This function takes the predictions of the fitted estimator and calculates the rolling standard deviation across all predictions using a window size of 5. The lower and upper predictions are determined by taking the percent point (quantile) function of the lower tail probability at each bound multiplied by the rolling standard deviation.
Certain estimators (Extra Trees Estimator, XGBoost Estimator, Prophet Estimator, ARIMA, and Exponential Smoothing estimator) utilize a different methodology to calculate prediction intervals. See the docs for these estimators to learn more.
- Parameters
X (pd.DataFrame) – Data of shape [n_samples, n_features].
y (pd.Series) – Target data.
X_train (pd.DataFrame, np.ndarray) – Data the pipeline was trained on of shape [n_samples_train, n_features].
y_train (pd.Series, np.ndarray) – Targets used to train the pipeline of shape [n_samples_train].
coverage (list[float]) – A list of floats between the values 0 and 1 that the upper and lower bounds of the prediction interval should be calculated for.
- Returns
Prediction intervals, keys are in the format {coverage}_lower or {coverage}_upper.
- Return type
dict
- Raises
MethodPropertyNotFoundError – If the estimator does not support Time Series Regression as a problem type.

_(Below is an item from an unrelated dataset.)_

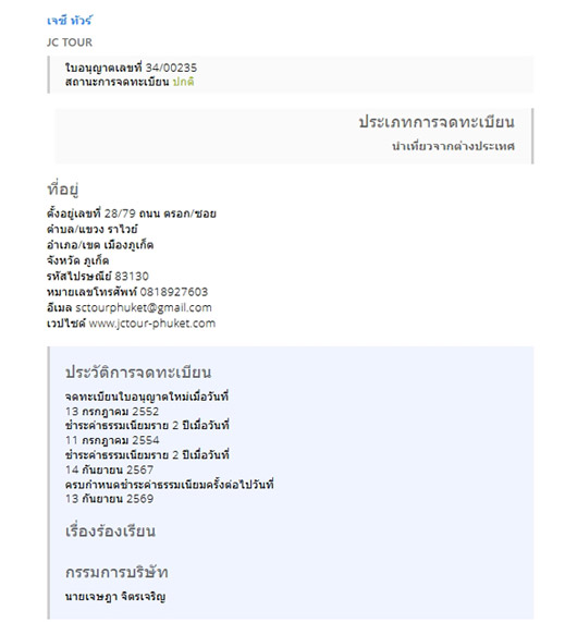 - เจซีทัวร์ จดทะเบียน การพาณิชย์ อิเล็กโทรนิกส์ ถูกต้อง หมายเลข 0835557015003

- graph(self, filepath=None)#
Generate an image representing the pipeline graph.
- Parameters
filepath (str, optional) – Path to where the graph should be saved. If set to None (as by default), the graph will not be saved.
- Returns
Graph object that can be directly displayed in Jupyter notebooks.
- Return type
graphviz.Digraph
- Raises
RuntimeError – If graphviz is not installed.
ValueError – If path is not writeable.
- graph_dict(self)#
Generates a dictionary with nodes consisting of the component names and parameters, and edges detailing component relationships. This dictionary is JSON serializable in most cases.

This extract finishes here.